26 de noviembre de 2018
26.11.2018

Casi 12.000 gallegos se someten cada año a estudios genéticos de sus enfermedades

El 5% de las pruebas en la Fundación Xenómica son para pacientes extranjeros y de otras comunidades - Buscan el gen causante sobre todo de cánceres y dolencias raras

26.11.2018 | 01:00
Dos trabajadoras de la Fundación Xenómica, en las instalaciones de Santiago.

Casi doce mil gallegos se someten cada año a estudios genéticos, que permiten diagnosticar su dolencia: leucemia, fibrosis quística, cáncer de mama, autismo... y muchas más. El estudio consiste en identificar la mutación errónea en el gen responsable de la enfermedad. Las enfermedades genéticas son aquellas que están provocadas por cambios en la secuencia del ADN de una persona. Y en Galicia, la Fundación Xenómica, se encarga de identificar esas mutaciones. Realiza al año 21.000 estudios genéticos para unas 12.000 personas, pues hay casos en los que a un solo paciente se le hace más de un estudio. Cánceres y enfermedades raras copan la inmensa mayoría de los diagnósticos. Desde 2003, el año de su creación, la Fundación ha completado más de 190.000 estudios genéticos para 120.000 pacientes.

Hay estudios especialmente complicados, pues "hay que secuenciar centenares o miles de genes" que pueden estar detrás de la dolencia, apunta Francisco Barros, jefe de laboratorio de la Fundación Xenómica. De ellos, esta fundación pública, dependiente del Sergas, hace más de 1.500 pruebas al año. Es el caso de un retraso intelectual con dismorfía. En cambio, cuando se sospecha de una fíbrosis quística hay que centrarse en un solo gen.

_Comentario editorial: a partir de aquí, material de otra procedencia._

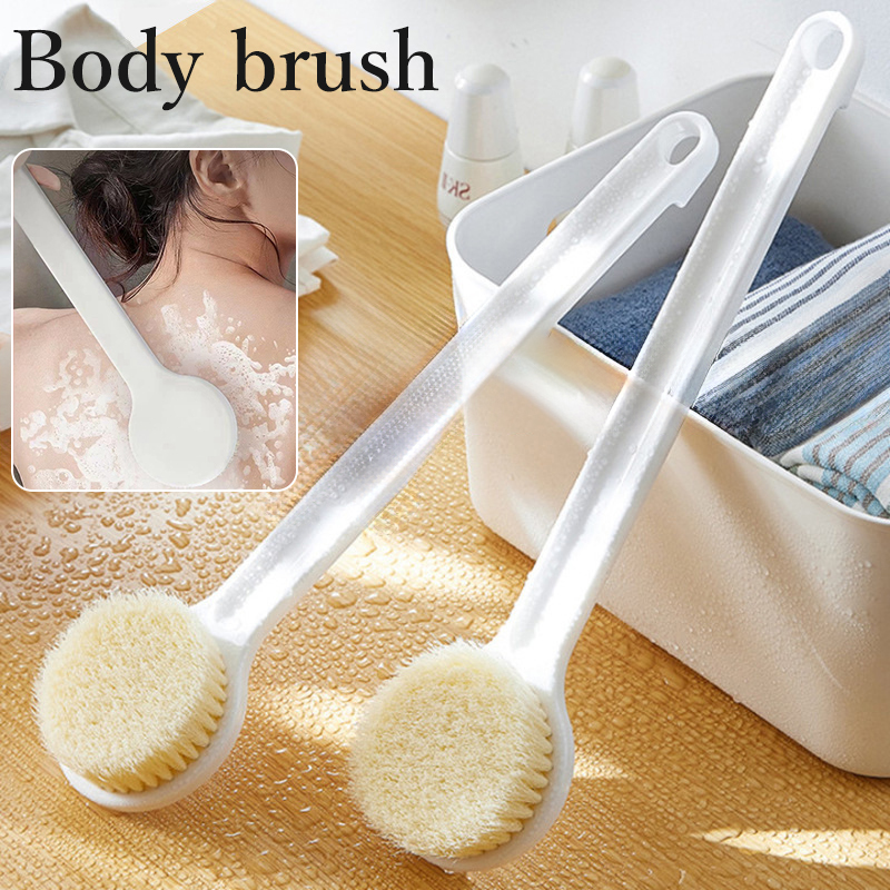 ■ボディブラシ シャワーブラシ ロング 長柄 吊り下げ 収納 背中 スキンケア 角質 毛穴 汚れ 体洗い 垢すり ニキビ 防止 シ

El estudio genético sirve para confirmar diagnóstico clínicos, pero también para prevenir que otras personas sufran la dolencia. Si los familiares del enfermo lo desean pueden también analizar sus genes, y saber si son portadores de la dolencia. Entonces precisan de un adecuado asesoramiento genético, para conocer los riesgos a los que se enfrenta. En la Fundación, realizan al año una treintena.

Un ejemplo. Una pareja tiene un hijo y le acaban de diagnosticar autismo. Si se trata de una mutación que se ha dado de novo en el niño, los padres tienen un 1% de posibilidades de tener otro hijo con autismo. En el caso de que uno de los padres tenga una alteración genética, que no autismo, entonces tienen un 50% de posibilidades de que si tienen otro hijo éste también tenga esa alteración, aunque tenerla no significa necesariamente que tendrá autismo.

En casos como éstos, es crucial el asesoramiento genético. La Fundación hace miles de pruebas, pero en cambio no alcanza el medio centenar de consultas de asesoramiento genético. Es una de las asignaturas pendientes de esta Fundación, que está dirigida por los prestigiosos Ángel Carracedo y Fernando Domínguez. El informe genético se envía al médico que lo ha pedido para un paciente, y es ese doctor el que habla con el enfermo.

"El asesoramiento genético al paciente no es obligatorio en España. Los hospitales no están obligados a tener genetistas porque no existe la especialidad de Genética en Medicina. Somos el único país de Europa que carece de esa especialidad", lamenta Francisco Barros.

La Fundación, con casi cuarenta profesionales y un presupuesto que el año que viene rondará los 4,5 millones de euros, atiende también demandas de fuera de Galicia. El 5% de las pruebas son para pacientes de otros comunidades e incluso extranjeros. Por ello, ingresa 1,5 millones de euros por estudios genéticos que realiza para hospitales no gallegos, y también privados.